Friday, September 14, 2012

All the way from Minneapolis...

We get a lot of foot traffic at the cooking school. Or, drop in traffic. People pull into the parking lot, ask questions. Sometimes they are lost, and need to know how to get somewhere, and I'm kind of no help because I do not live anywhere near here.

But, I have google maps! And we look things up, and I print out sheets of directions for them and send them on their way with prayers for traveling mercies.

Sometimes we get people who stop in because they have been driving by for years, and they're curious about what we do. So I have a packet and a spiel, and I talk up the joint and they usually leave satisfied in knowledge.

Today was different. I was on the phone solidifying a corporate party, answering questions about head count, and talking about how they want to do an Iron Chef kind of judging of the meals the two kitchens prepare.

An older gentleman came in and stood at the front counter, looking around the room at the cookbooks. While the woman was talking I leaned out and whispered to him  I'd be right there. He smiled and said "take your time."

Customer Twenty Questions continued to ask things, and of course I can't tell her to shut up, quit prattling on... and the man left.

I felt badly to have lost him, finished the call and leaned out to see if he was just walking about the building.
There was no sign of him... so I came back inside. Twenty minutes later he returned...

He opened with "I have a question, but it isn't necessarily about your business." This is always a weird opening. We've had weird openings to weird questions from left field, Mars, the depths... and they're always entertaining.

"Do you know where the Center Street Cemetery is?"

Now, I'm not from around here, as I explained at the outset. I pointed to the cemetery next to our building and said "maybe?"

He smiled and said that he didn't think that was it.
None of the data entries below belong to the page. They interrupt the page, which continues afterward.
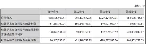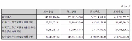 但細看新綸科技2018年的年報可以發(fā)現(xiàn),在前三季度中,新綸科技的業(yè)績增長一直都很理想,數(shù)據(jù)顯示,2018年第一季度、二季度、三季度凈利潤與2017年相比,分別同比增長125.13%、105.62%、210.05%,由此可見,新綸科技2018年前三季度的業(yè)績非常好,但是,到了第四季度卻突然陷入虧損,該季度的凈利潤為虧損493萬元!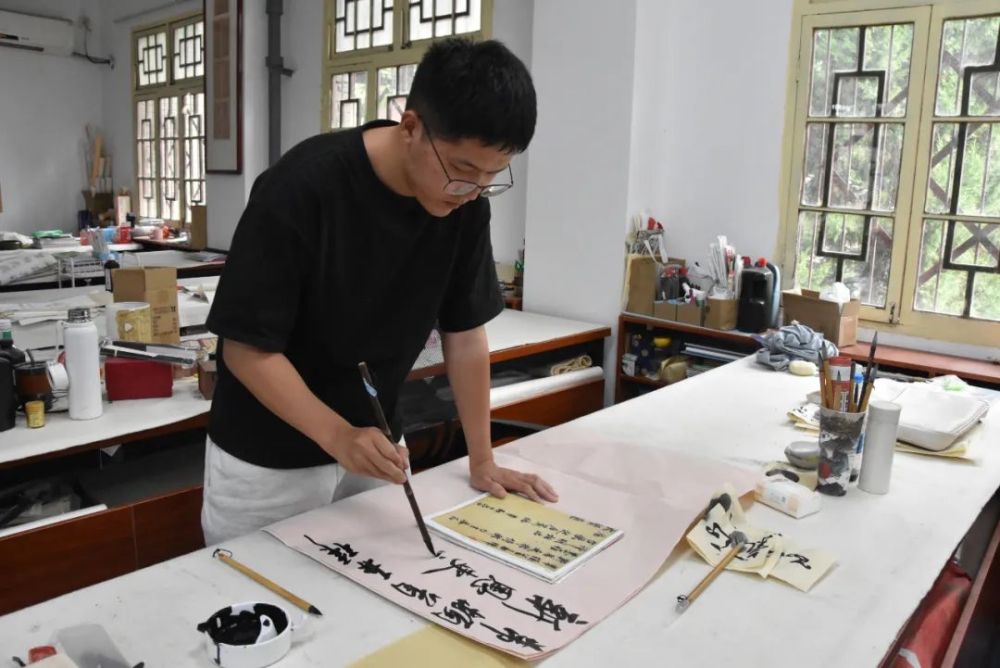 炎炎夏日,在西安文理学院关中书院的校园内,仍有不少学生放弃暑假全力追逐着梦想。正在一间教室里挥毫的大三学生刘正傲屏气凝神,不一会儿就写成一纸气韵连贯的《新恩帖》。作为西安文理学院书法专业学生,他正全力备战考研,希望进入自己心仪的院校继续深造。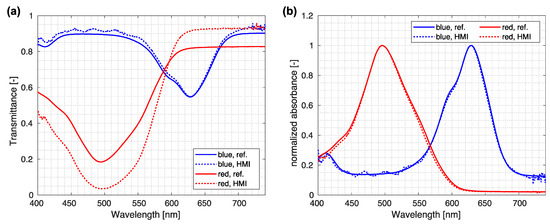 The ink cells were imaged using our custom-made HMI system. Spectra were normalized, and an averaged normalized spectrum from the central part of the sample was used for comparison. First, the raw normalized spectra were compared for both the HMI system and reference spectrometer (Figure 6). As the agreement of absolute spectra was expected to be inadequate, normalized absorbances were calculated by taking the logarithm of the transmittance value T and normalizing it to the maximal value,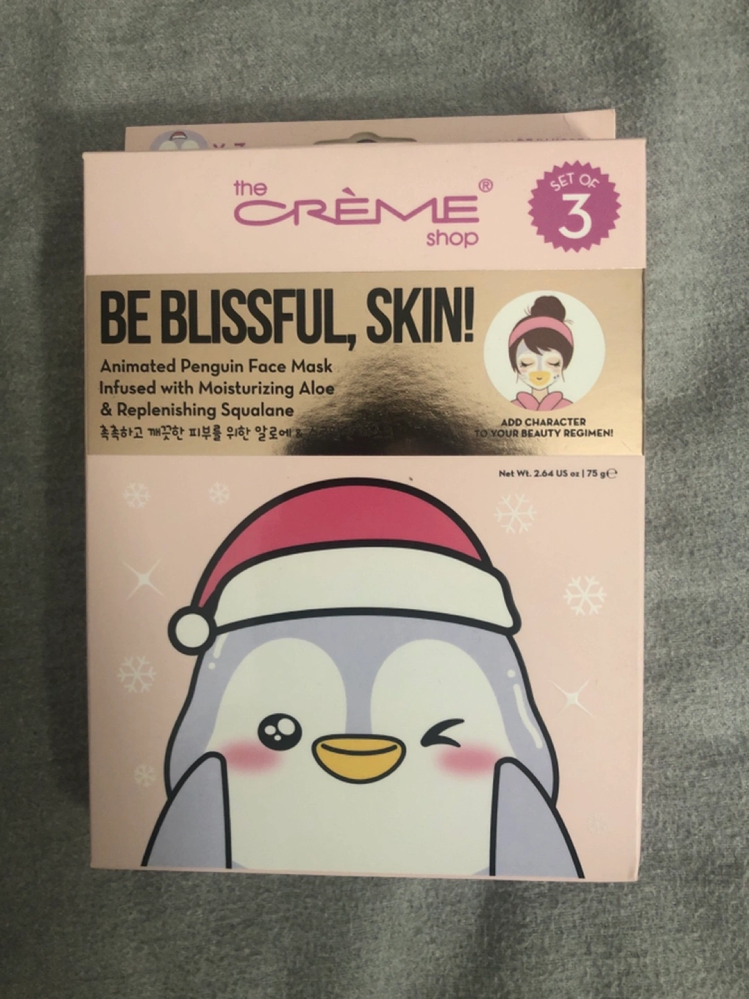 Set of three animated penguin face masks. Infused with moisturizing aloe and replenishing squalane. For external use only. Avoid contact with eyes or irritated skin. Brand new box

You see, "My great, great, great,... great grandfather died in the late 1600s and is buried in the Center Street Cemetery. At least that is what my grandmother told me. And I came here from Minneapolis to see if I can find him, but I'm not having much luck." He told me the cemetery next to our building doesn't have anyone there from the 1600s (looks like it could) so I told him that we could go on the internet and pull up info. We found the East Parish cemetery in Newton is on Center Street, and currently is on the grounds of Boston College's Newton campus. I remembered seeing it, with its gates and trees, whilst blasting past it to head to the nightmare of Newton Center.

We measured the distance from here to there at about 2 miles, and he said he was going to head out to try and find him.

"He's been waiting for a grandson to come visit him for over 300 years. Ten more minutes won't hurt." His smile, he had such a huge smile, as he was thanking me made my day.

I hope he gets to find him. I told him to come back and report if successful. Good luck, guy from Minneapolis!